┌─ Materials provided

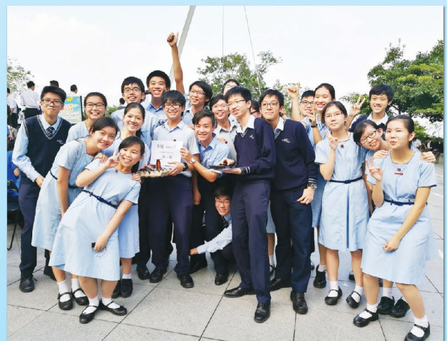
Our young talents beaming with pleasure after winning the competition.

Our school sent three teams to participate in Vibrating Robot Race 3.0 organised by the Hong Kong New Generation Cultural Association on 5th November 2016. In this competition, each participating team had to make their own robot for an obstacle relay race. After countless attempts of trial and error, our students overcame all obstacles and were ready to face the challenge. With their collaborative efforts, one team was awarded the First Class Honour and the other two teams were awarded the second prize!
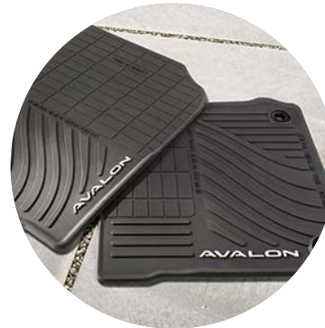
All-weather floor mats 3
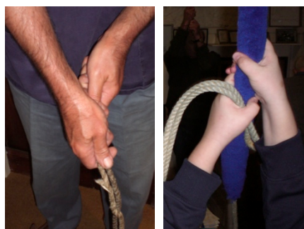
Correct grip on tail-end

The new ringer then imitates the movement. The activity phase should be the largest part of the whole process. It should start with the new ringer performing the actions in slow motion on a static rope with the bell down.
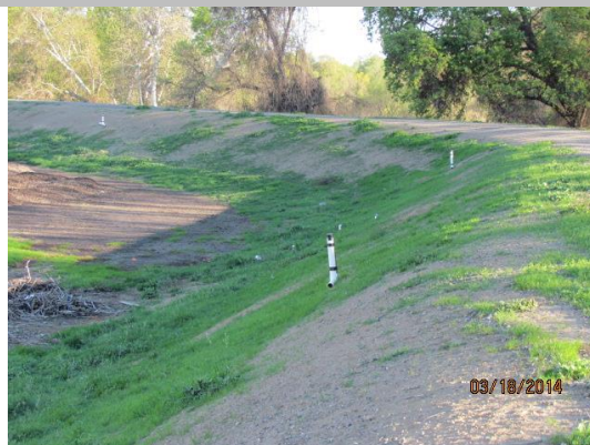
View of the rodent activity along the landside slope.
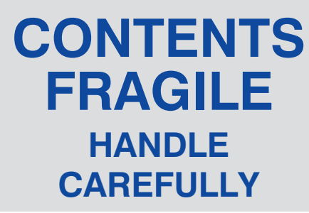
1" x 2-3/4" #5205 One Color Ink Pad Replacement ink pad #6/55

1-9/16" x 2-3/8" #5207 One Color Ink Pad Replacement ink pad #6/57
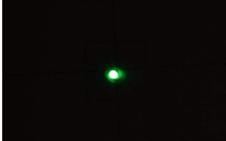
S8 series Round Shape at 10m
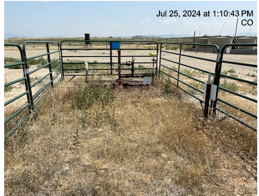
Photo # 3341 Dead weeds/debris near wellheads that is causing a fire hazard
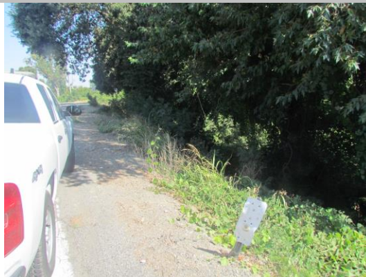
Looking north at dense vegetation on waterward slope.
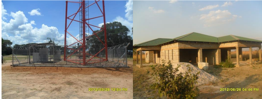
(Construction of Airtel Towers & Residential Houses)

The Company is also specialised in general construction and this involves construction of Houses, Schools, Towers and Automated Tailor Machines (ATM's).
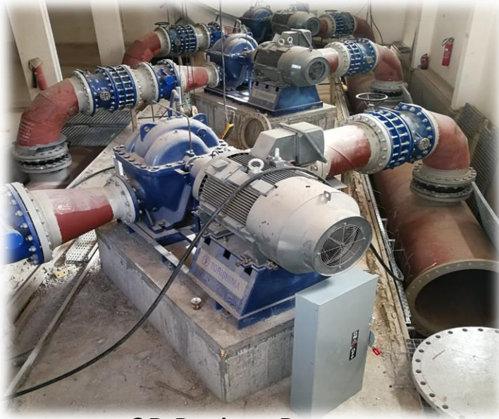
3B Project Pumps
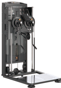
RE8034 STANDING MULTI FLIGHT
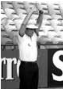
• Ball is touched before crossing goal line followed by behind signal.
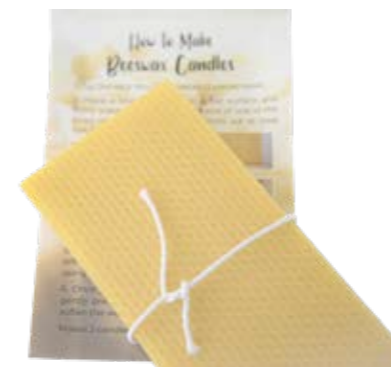
DIY Candle Kit Set of 3 RCDIY
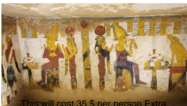
This will cost 35 $ per person Extra

Visit Bawiti , Bawiti is the Capital of Bahariya Oasis , Then Visit the Museum of the golden mummies and the temple of Ain El Muftella, Bahariya Oasis , You will have lunch in Bahariya Oasis before driving to Cairo
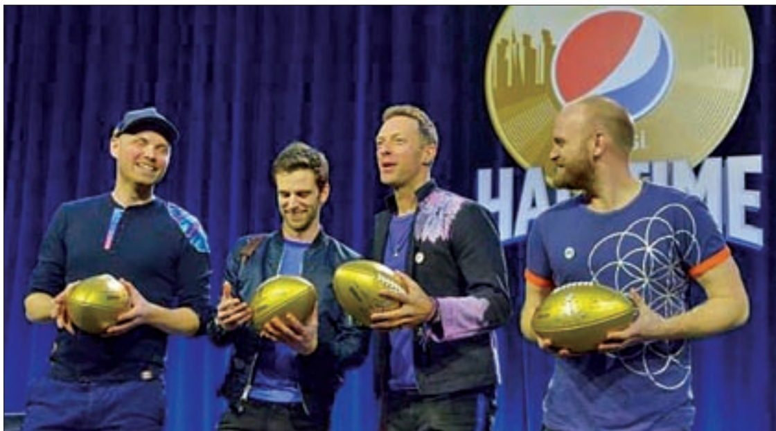
Recording artists from left Jonny Buckland, Guy Berryman, Chris Martin and Will Champion of Coldplay are presented with gold souvenir footballs during the Super Bowl 50 halftime show press conference at Moscone Center, San Francisco, CA, USA, on 4 February.

"I cannot wait to see people on social media somehow muster passionate opinions about Coldplay," the show's host, Chris Hardwick, said during Thursday's episode. He added: "Since the haters are coming, let's pre-empt them with tonight's hashtag."
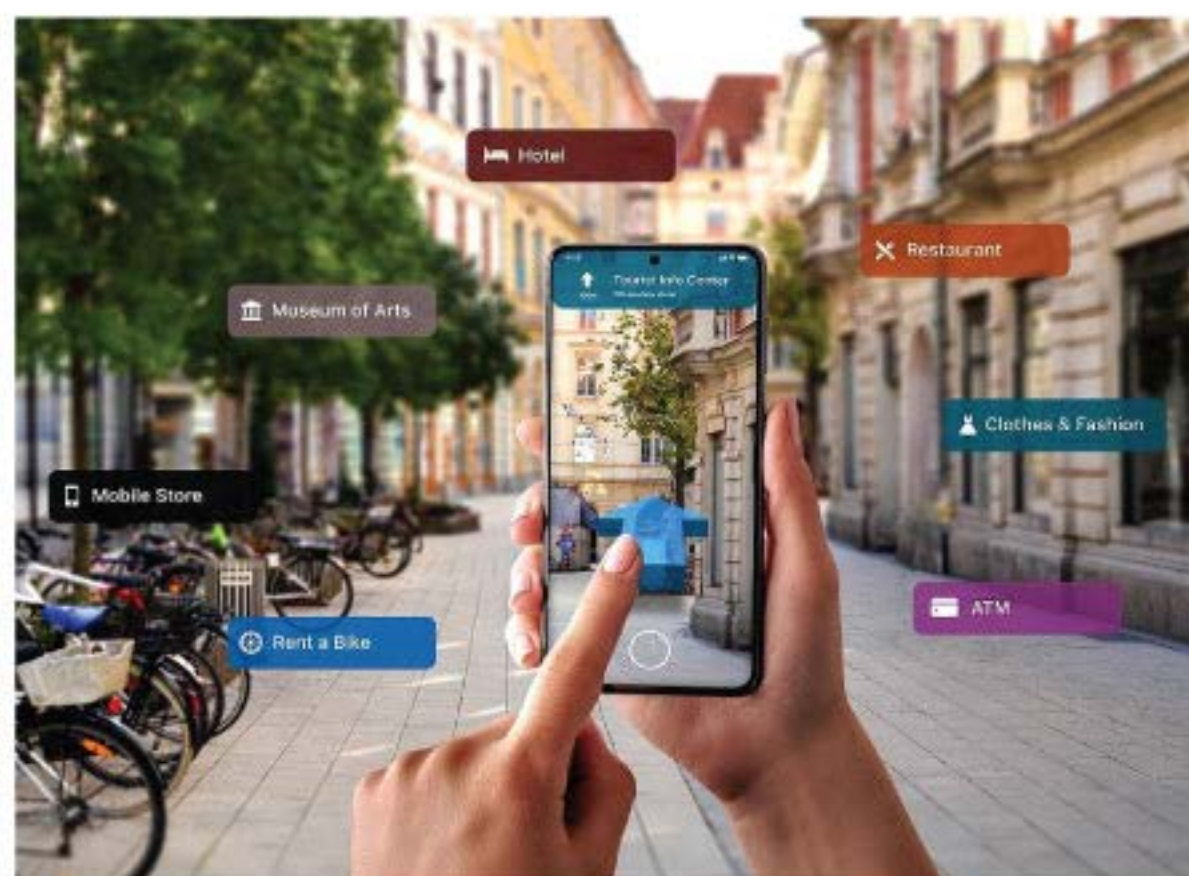
Technology is drawn on to improve interactive design
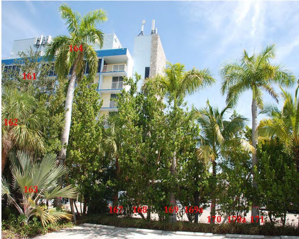
Photo 84 above is palms 164, 167, 169, 170 & 170 showing signs of nutrient deficiencies.
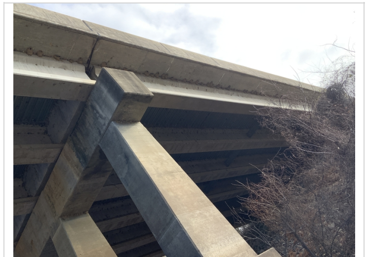
Span 5 right side soffit overhang has cracks with efflorescence.
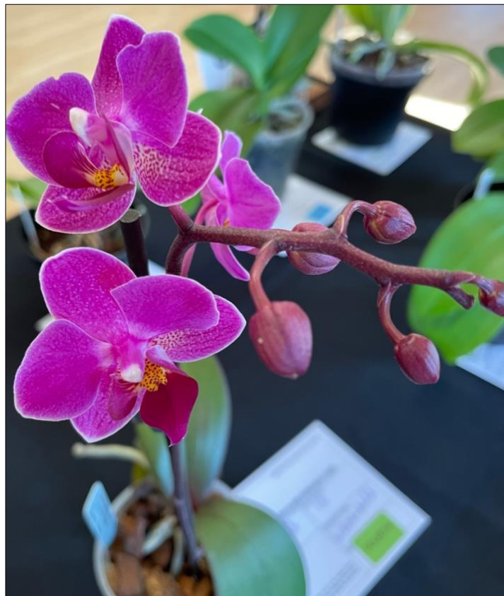
Liz's Class 13 Doritaenopsis An Tai Pixie
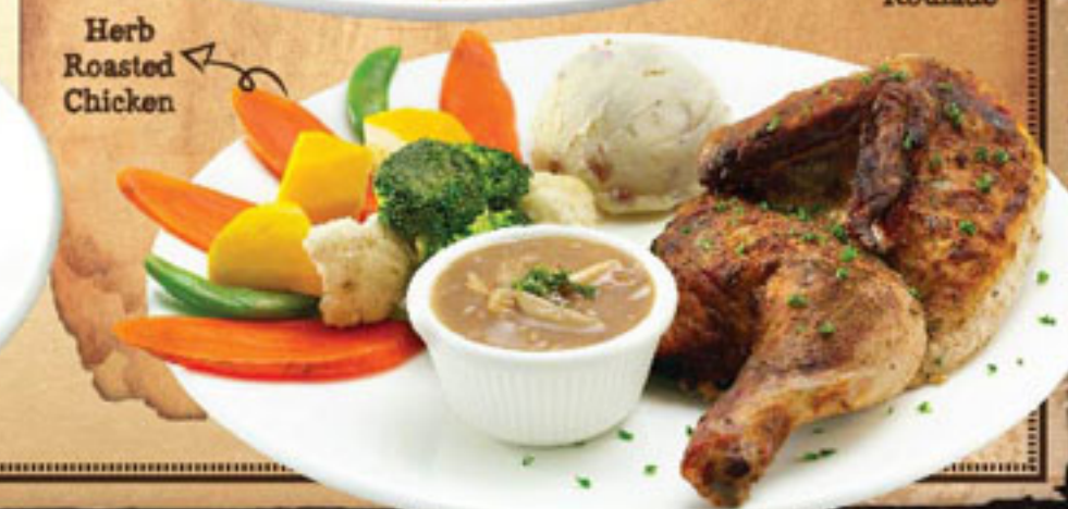
Herb Roasted Chicken
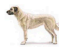
Anatolian Shepherd Dog
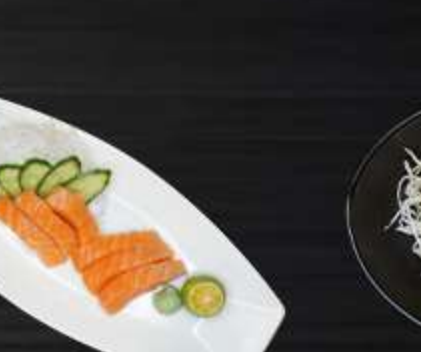
SALMON SASHIMI P320
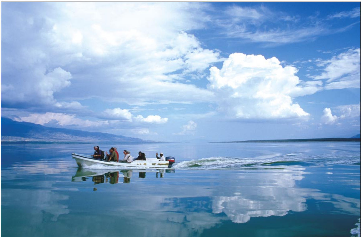
Isla Cabritos field trip participants returning by boat on Lago Enriqueillo
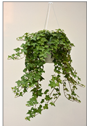
English Ivy
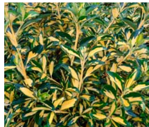
Euonymus japonicus Aureo-pictus
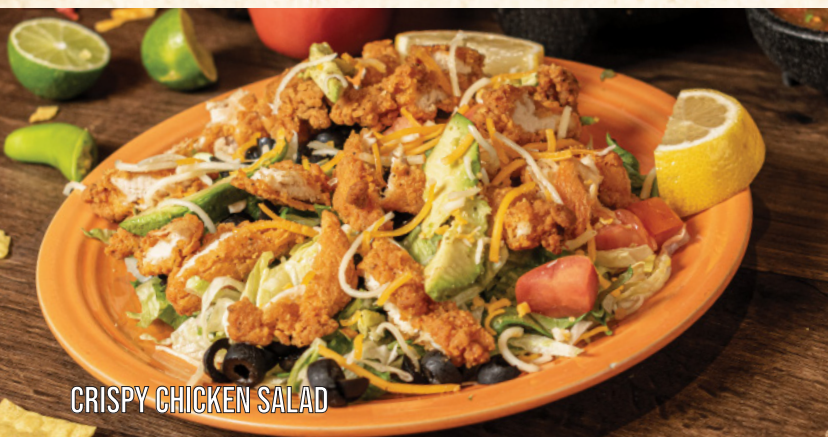
CRISPY CHICKEN SALAD
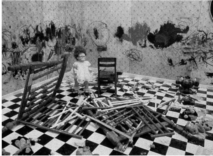
(left): Kim Dingle, Priss , 1994. Mixed media.
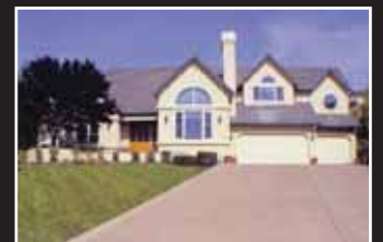
Pleasanton $1,649,000 2977 Amoroso Court
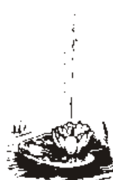
LILY JET 240mm across
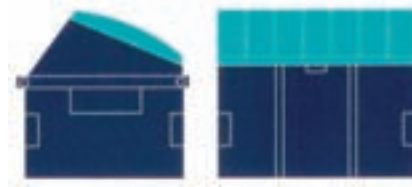
3 cubic metre
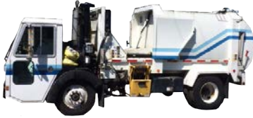
1996 CCC w/ 2005 Labrie Minimax

Used 12 Yard side loader equipped with a 3116 CAT engine, Allison transmission, Dual Perkins car tippers and more. #140066
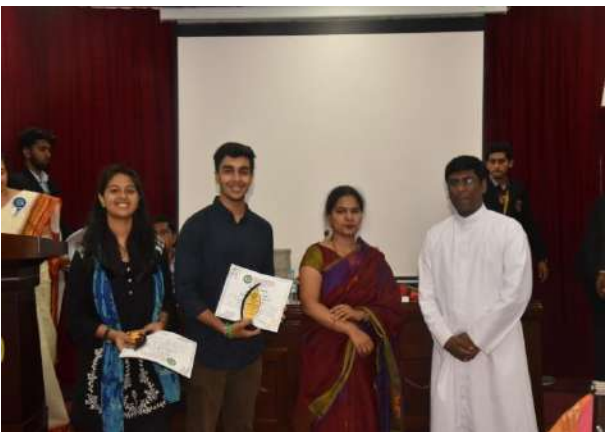
II & III Prize at "Club Di Commercio – Inter Collegiate Commerce Fest"
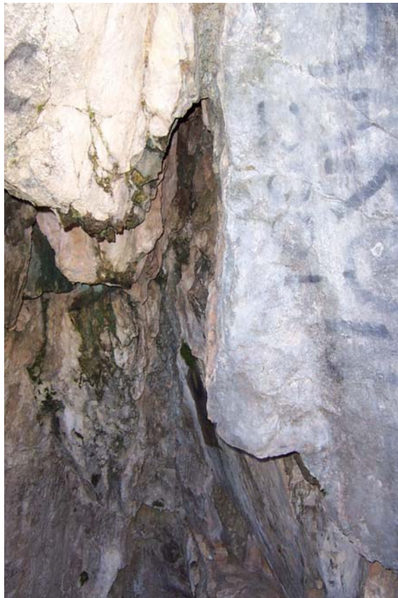
Main Cotter Cave
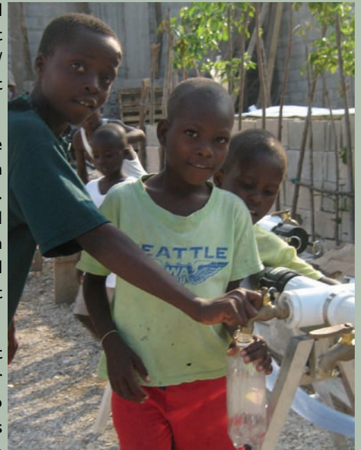
First water from tap stand at the Mission of Hope school campus
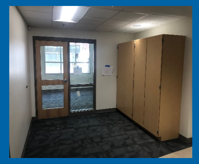
Admin Area Door, Hardware, and Casework
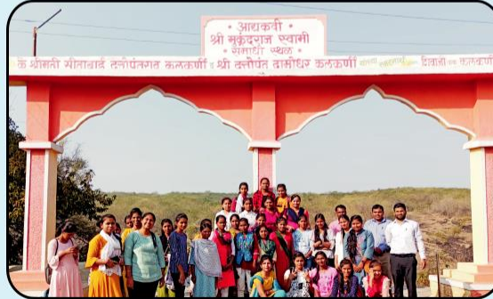
मराठी विभाग आयोजित शैक्षणिक सहल मुकुंदराज स्वामी समाधी स्थळ, अंबेजोगाई
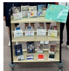
Saijo Junior High (until 10/11)

In September, we conducted workplace experience programs for Saijo Junior High School and Koyo Junior High School students. The books they selected are on display at the Nishi Library. Please come and take a look!
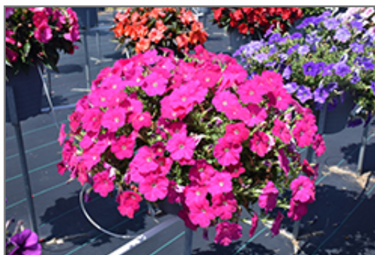
Sanguna Hot Rose Petunia in bloom
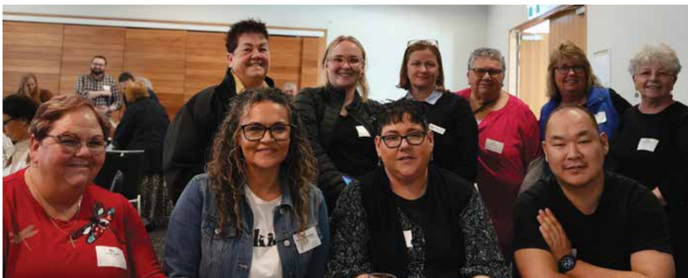
Support staff members and industrial officers at the IEU's Council meeting on 17 August.
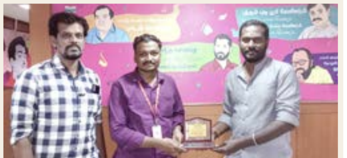
On behalf of M/S. Suryan FM 93.5 - Madurai.
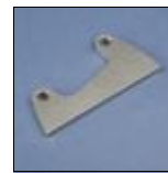
(BK2005) 1018 Steel ISO Calliper Mount, Universal, 3/16", Hi/Lo
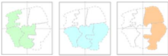
Figure 4: Final directions represented on the PCA diagram. From left to right: “Light and organic refinement”, “Simple and smooth aquatic life” and “Intelligent and surprising high-technology”

this area as well as more generally on the clusters “Unexpected” and “Innovative and high-tech”.
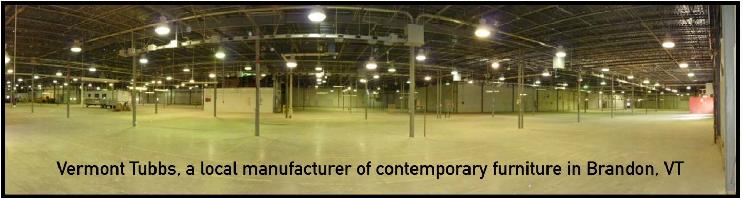
Vermont Tubbs, a local manufacturer of contemporary furniture in Brandon, VT

A state of the art facility located strategically between Montreal, Boston and New York, just north of the town of Brandon, Vermont with all the space, power and amenities to accommodate the most demanding manufacturing operation.
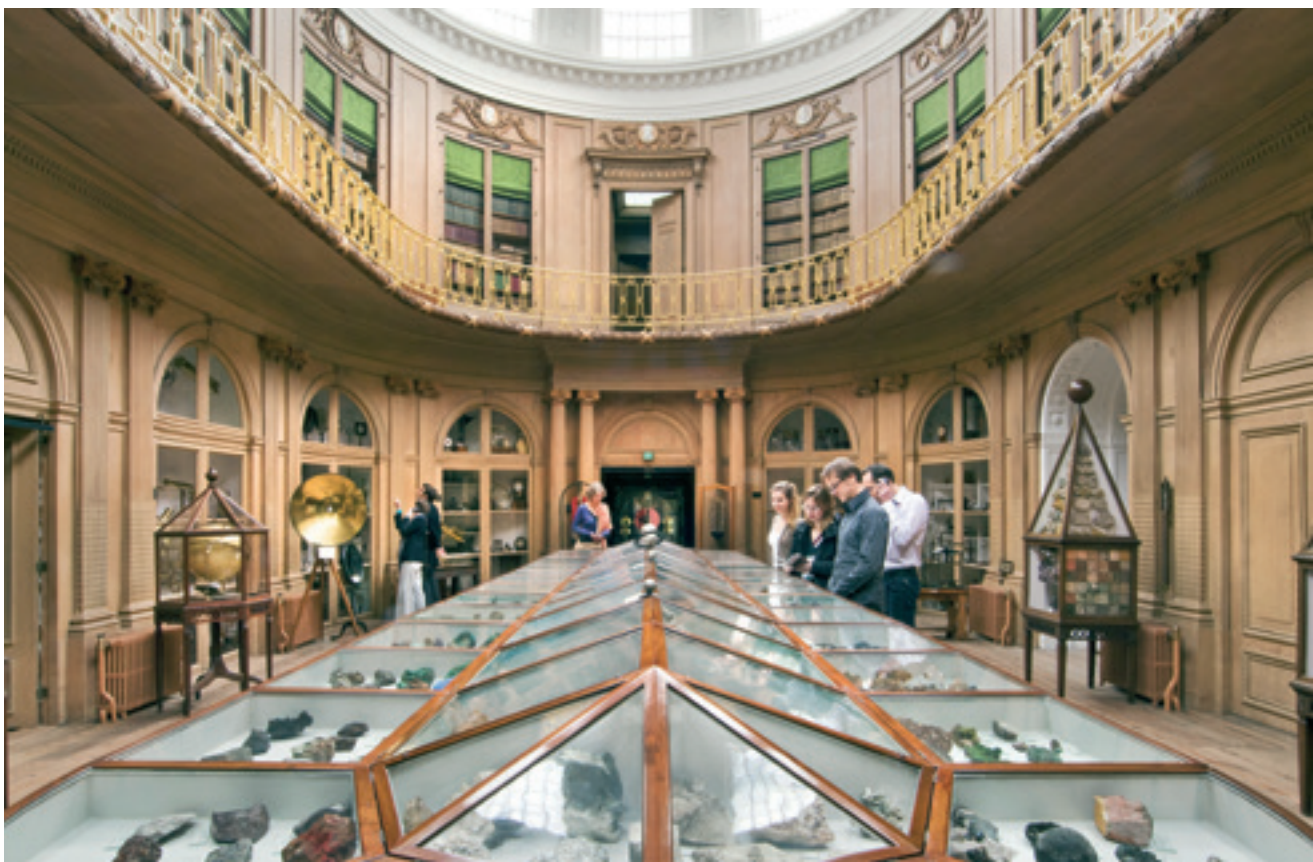
The Oval Room in Teylers Museum today.

‘Museums made an enormous contribution to the professionalisation of knowledge and scholarship, especially in the nineteenth century’
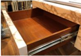
Tighten and/or replace drawer runners
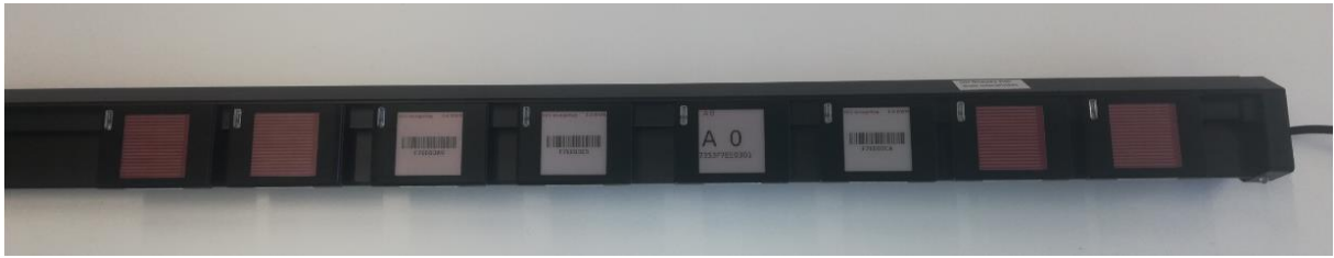
Figure 10 - Plugging Rail Displays into Rail
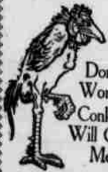
Don't Worry! Conkey Will Cure Me

Special Prices on Stock Foods and Laying Tonics

└─

Give again, word for word, the line containing "the nineteenth century’" and every line after it to the end of the records; leave out the pictures.

# Exercise output
‘Museums made an enormous contribution to the professionalisation of knowledge and scholarship, especially in the nineteenth century’
Tighten and/or replace drawer runners
Figure 10 - Plugging Rail Displays into Rail
Don't Worry! Conkey Will Cure Me

Special Prices on Stock Foods and Laying Tonics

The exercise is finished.